Happy Father's Day
I should start with "Happy Father's Day to my dad", thanks for being such a lovely father for all of us and so many so many things. Happy Fathers' Day to all the father in this world as well, hope all dad in this world enjoyed today as the day going to come to an end soon.
Anyway, hasn't been a good week for my family and me. So many bad stuffs happened that it almost made everyone on the verge of breaking anytime. I know everyone got different opinions, different sets of thinking for all individual stuff we see but we do need to listen before we keep talking. Listen without speaking or the other way round will only make every things turn even more complicated. I just hope after this weekend, everything will go back to the usual way of our life.
Had spent the weekend at Hotel Michael in RWS, Sentosa.
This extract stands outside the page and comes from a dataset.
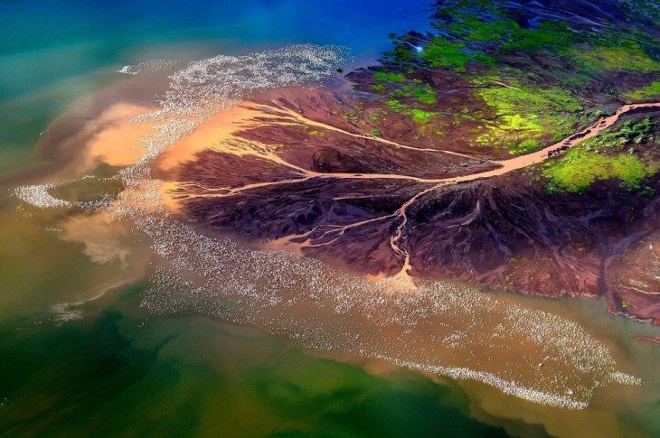 Озеро Богория в Кении, на берегах которого любят бывать фламинго.

A celebration of Father's Day as well. With my aunt family joining, it makes the atmosphere even better. This is the first we stayed in a hotel in Singapore, the experiences was not that bad except that it turns out bored for me at times as sentosa only have limited stuffs to do. The hotel was huge, I guess it can easily hold up to 6-8 persons staying so I'm planning for another one with friends soon. I guess the thing that I do not like about the hotel room is the toliet with NO lock. Maybe most hotels in Singapore are like this but it is still not really that good if you do not stay in the rrom with your partner, tend to be embarrassing if another one get in without knowing there's someone inside.
Anyway, nothing much done there. Just some getaway from the city. See the pictures from my FB.
Sunday, June 19, 2011
11:01 PM
a long chillling session with long-lost friends
I should say that they are long-lost friends or rather long lost working friends that haven't met for like 2 yrs, that's very long for me, for sure. The meet with them on friday was an great one, thought it would be like don't know what to say, but I was wrong, everyone was still as chatty as before, just that they are older now, haha. It's been a long time for me to have such a great friday, wasn't too bad for me, wanna have more in future, yes- I'm greedy- haha.
I was supposed to meet my another group of friends who haven't met each other for like more than 6 months, but was held up today by other stuffs, didn't manage to catch up with them, something I'm guilty, hope they had fun.
For me, nothing much happened around me that make me feel different or rather changed me? Didn't have that kind of "reflection" mindset that I had in the past for quite a while already, it's not that I'm perfect now but I can say I've thought of too many stuffs or reflected too many stuffs that causes alot of agony on me as well, so it is still best to be myself.
Sorry to say that I've a mindset of settling down now. YES, it is the "GET MARRIED" kind of settling down. WHY? I felt that I've had what I need and know what I really want, just need to look for someone who is suitable and settle down, FUNNY RIGHT? I also think so. Let's hope that is not just because I saw others happiness that make me wanna to have it too. That would be very bad.
But anyway, life goes on until something different that will come my way.
Sunday, June 12, 2011
2:08 AM
weeks of "unfilling" weekend...
Another weekend going to end soon for me or rather everyone, it is work again tomorrow. It is another weekend that I felt something is missing. It has been like few weekends that I've been feeling like this but I can't come out with anything about that missing stuffs, what is that? Seriously, I don't know.
But of course I'm looking forward to another weekend that is the so-called "filling" for me though I don't even know what's that lacking. I wasn't unhappy nor happy at least for this moment. I realised the boring part of an outing from another person who do not wish to hurt another person's feeling just by saying out, thus sacrificing her time. The talk was good, thank you very much but still, I need to apologise for the time wasted, will try to improve the next time round.
Anyway, life are like this, whether you like it or not, you cannot just say or do anything without considering the feeling of another party, that's just life.
Don't understand? nvm, it's alright, just random thoughts.
Heard from the news that the flood around sg is quite bad, so who's going to do the job? Who is going to solve the problems this time round? Who can help all those poor shop owners?